Michalak struggled to get up and was gone by 54 minutes.

This week people pressed for predictions. The feeling was victory would come at a price. Perhaps four bodies would need sacrificing to keep French goliaths at bay.

Greatest

When Michalak walked, Ireland were without the world’s greatest outhalf and the past two Munster captains as O’Mahony was also driven off the field. Ruined.

There is a citing coming for O’Brien’s early punch of Pascal Papé.

“It was not a closed fist,” Schmidt said, already pleading the flanker’s imminent hearing.

“I think he’s being held and he swung.”

Luke Fitzgerald arrived for Keith Earls after the hour mark. Mathieu Bastareaud followed soon after. No structural damage caused by the wrecking ball centre here.
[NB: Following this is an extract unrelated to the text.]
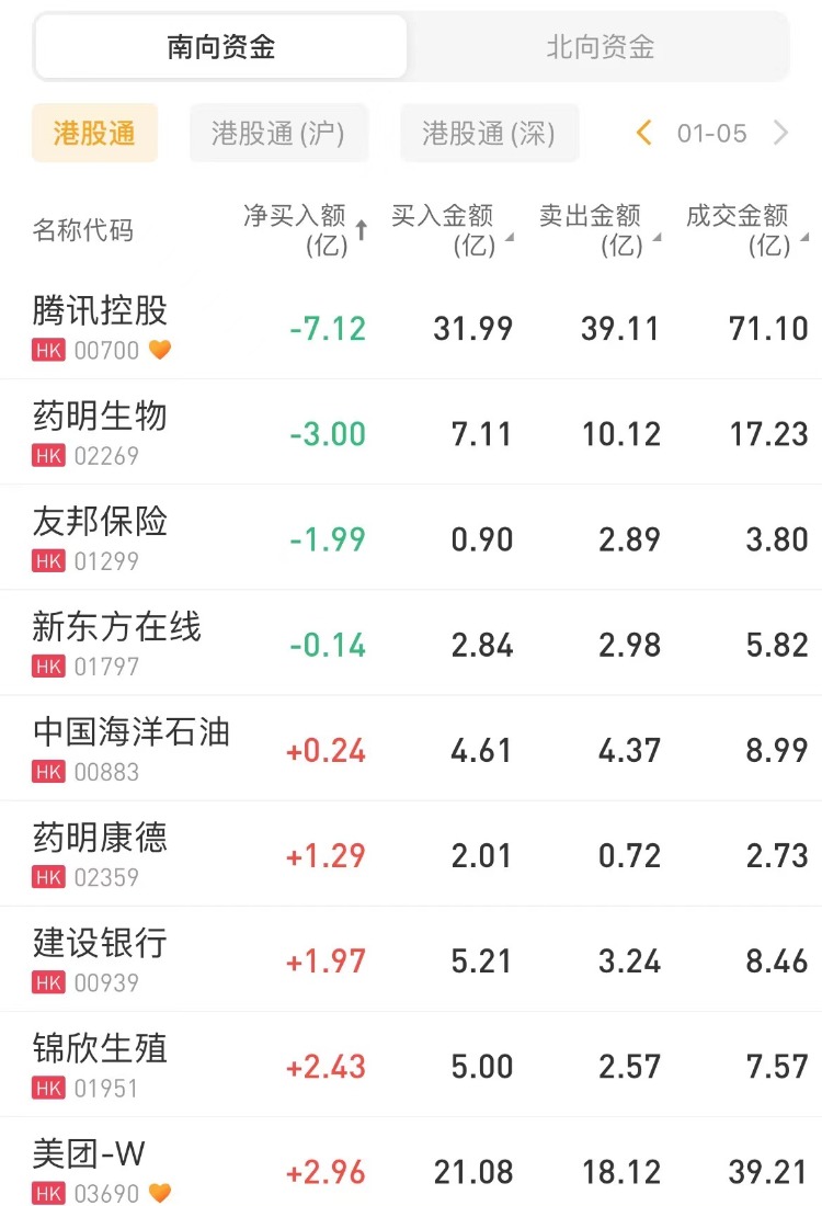 南下资金净卖出腾讯控股7.12亿港元,为今日卖出之最;药明生物遭净卖出3亿港元;友邦保险、新东方在线也遭抛售。

Earls looked spent, possibly injured, but at least his fumble on 30 minutes when butchering a certain try did not prove detrimental to the result.

The war went on. Heaslip comfortably slipped into the captaincy.

Best led too. The wonderfully bullish O’Brien tackled and pilfered at such rapidity that the statisticians couldn’t keep pace. Robbie Henshaw was hard and skilful in equal measure.

A pall spreads over camp Ireland. Only way of lifting it is another famous World Cup victory to follow this famous World Cup victory.

That’s where they have never gone before and the road must now be travelled without their leaders. But new ones have already risen.